Work order>
Please give back the lines from the line containing "4th Floor 2,861 SF" through the end of the listing below, exactly as written and without pictures.

** Opening Input data block **

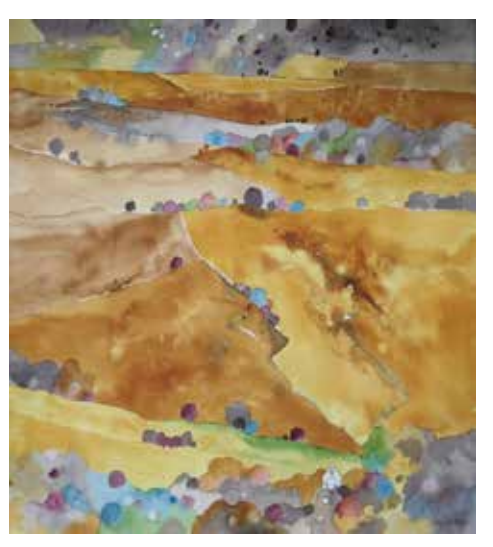
Roger's finished demonstration painting (now in the Rugby Open Exhibition)
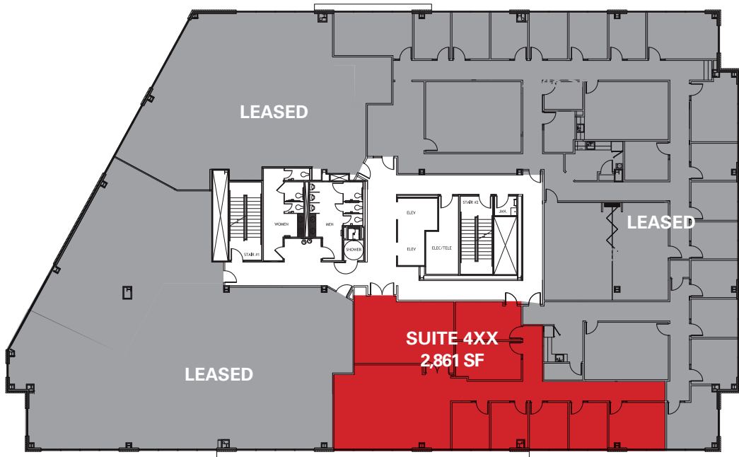
4th Floor 2,861 SF
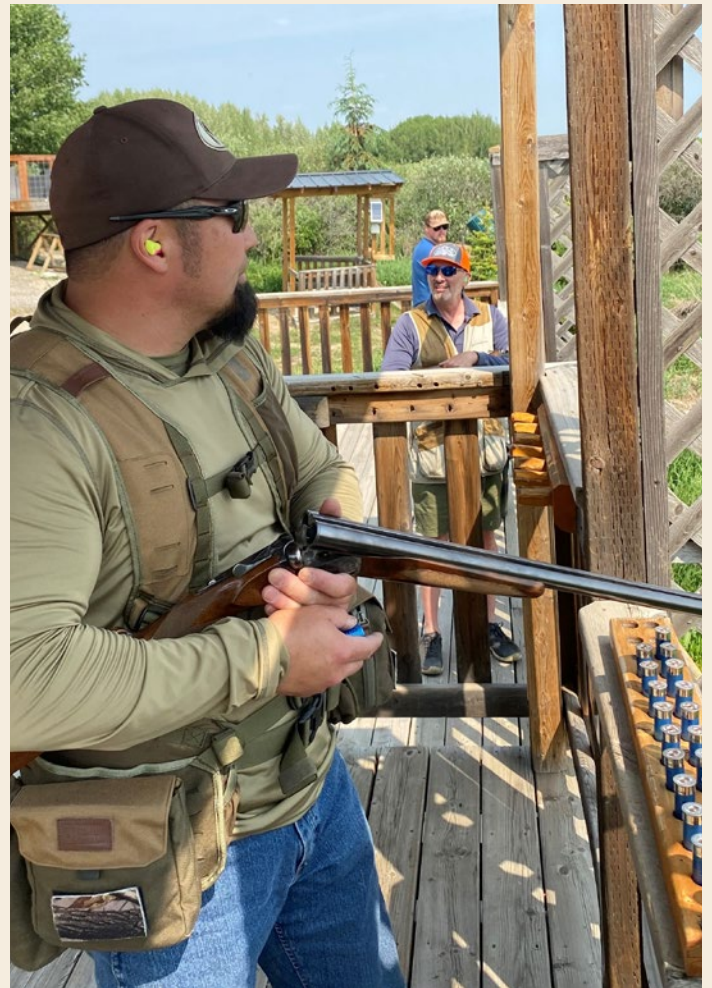
Conservation Partner's Alberta Conservation Association fielded a team.

** Closing Input data block **

Output of the task>
4th Floor 2,861 SF
Conservation Partner's Alberta Conservation Association fielded a team.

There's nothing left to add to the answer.